Communication Studies

Kathleen Hall Jamieson is Elizabeth Ware Packard Professor of Communication at the University of Pennsylvania’s Annenberg School for Communication, the Walter and Leonore Annenberg Director of the university’s Annenberg Public Policy Center, and Program Director of the Annenberg Retreat at Sunnylands.

Jamieson has authored or co-authored 16 books, most recently Cyberwar: How Russian Hackers and Trolls Helped Elect a President (Oxford University Press), which won the 2019 R.R. Hawkins Award from the Association of American Publishers. Including Cyberwar, six of the books that Jamieson has authored or co-authored have received a total of nine political science or communication book awards (Packaging the Presidency, Eloquence in an Electronic Age, Spiral of Cynicism, Presidents Creating the Presidency, and The Obama Victory.) She recently co-edited The Oxford Handbook of Political Communication and The Oxford Handbook of the Science of Science Communication.

Jamieson has won university-wide teaching awards at each of the three universities at which she has taught and has delivered the American Political Science Association’s Ithiel de Sola Poole Lecture, the National Communication Association’s Arnold Lecture, and the NASEM Division of Behavioral and Social Sciences and Education Henry and Bryna David Lecture. Her paper “Implications of the Demise of ‘Fact’ in Political Discourse” received the American Philosophical Society’s 2016 Henry Allen Moe Prize.

Jamieson’s work has been funded by the FDA and the MacArthur, Ford, Carnegie, Pew, Robert Wood Johnson, Packard, and Annenberg Foundations. She is the co-founder of FactCheck.org and its subsidiary site, SciCheck, and director of The Sunnylands Constitution Project, which has produced more than 30 award-winning films on the Constitution for high school students.

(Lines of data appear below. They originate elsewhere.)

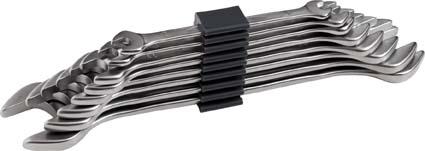 Inhalt: 8 Doppel-Maulschlüssel 6 x 7; 8 x 9; 10 x 11; 12 x 13; 14 x 15; 16 x 17; 18 x 19; 20 x 22 mm.
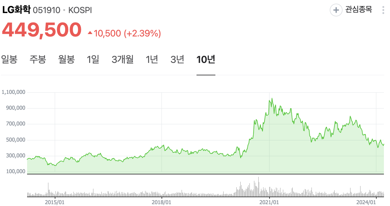먼저 큰 주가 움직임을 보기위해서는 전체적인 주식 차트를 살펴보도록 하겠습니다. 10년 치 차트를 살펴보면 2021년 최고주가인 100만 원을 넘었던 주가는 현재 50%이상 떨어진 449,500원입니다. 과거에는 LG화학이 2차 전지 배터리 사업부가 함께 있었으며, 화학 사업과 배터리사업을 같이하였지만 LG에너지솔루션이 상장이 되고 사업부가 분리가 되면서 주가는 하락을 하면서 현재 주가까지 내려오기 되었습니다.
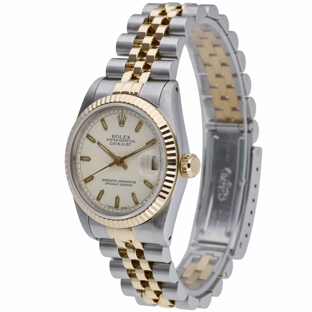 A Bi-Metal Rolex Datejust Watch, Stainless Steel & 18ct Yellow Gold with an 18ct Yellow Gold Fluted Bezel on a Cream Dial.
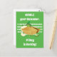 Postcard with a smiling, nearly-whole, green, apple pie cartoon illustration. The numbers for Pi are visible for several decimal places. This postcard lets everyone know that Pi Day is coming. Give people time to grab their favourite calculator, buy some extra flour, and choose the perfect pie recipe.
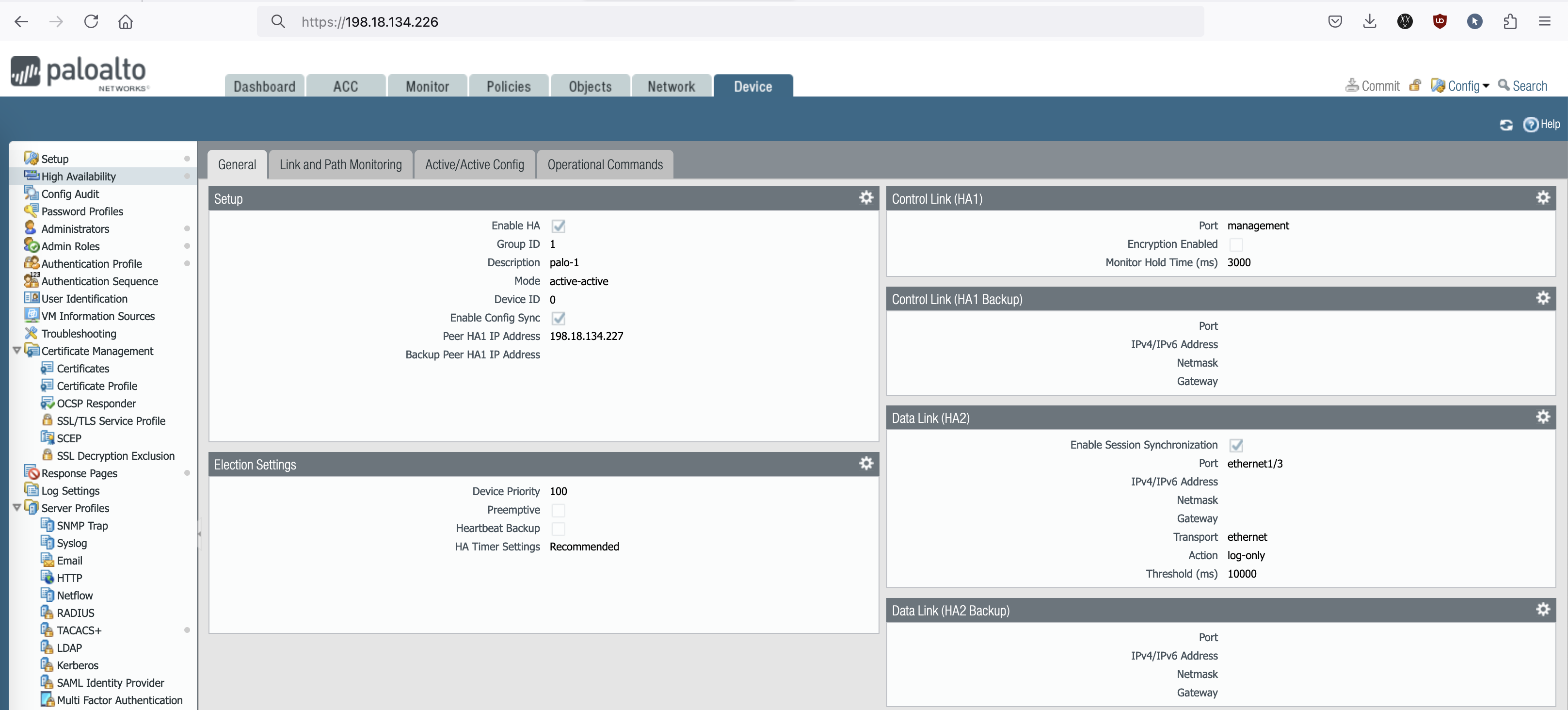 On Palo-1, we configure the HA cluster with the mode of Active-Active, other than that the rest of configurations is pretty much the same as previously
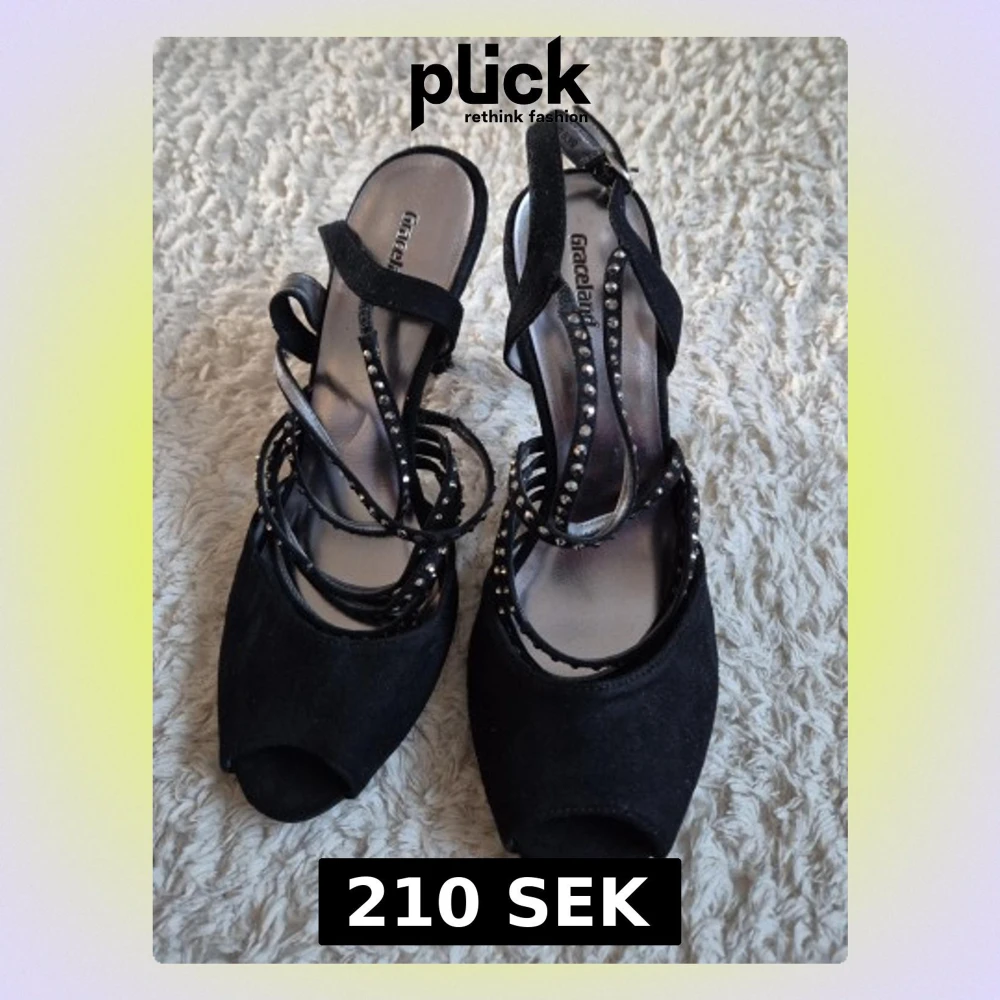 Säljer ett par svarta pumps från Graceland med öppen tå och flera tunna remmar dekorerade med strass. Skorna har en elegant design med klack och mjuk sammetsliknande yta. Perfekta för dig som vill ha något extra till outfiten.

Jamieson is a fellow of the American Academy of Arts and Sciences, the American Philosophical Society, the American Academy of Political and Social Science, and the International Communication Association, and a past president of the American Academy of Political and Social Science. She was awarded the National Academy of Sciences’ Public Welfare Medal, its most prestigious award, in 2020 for her “non-partisan crusade to ensure the integrity of facts in public discourse and development of the science of scientific communication to promote public understanding of complex issues.”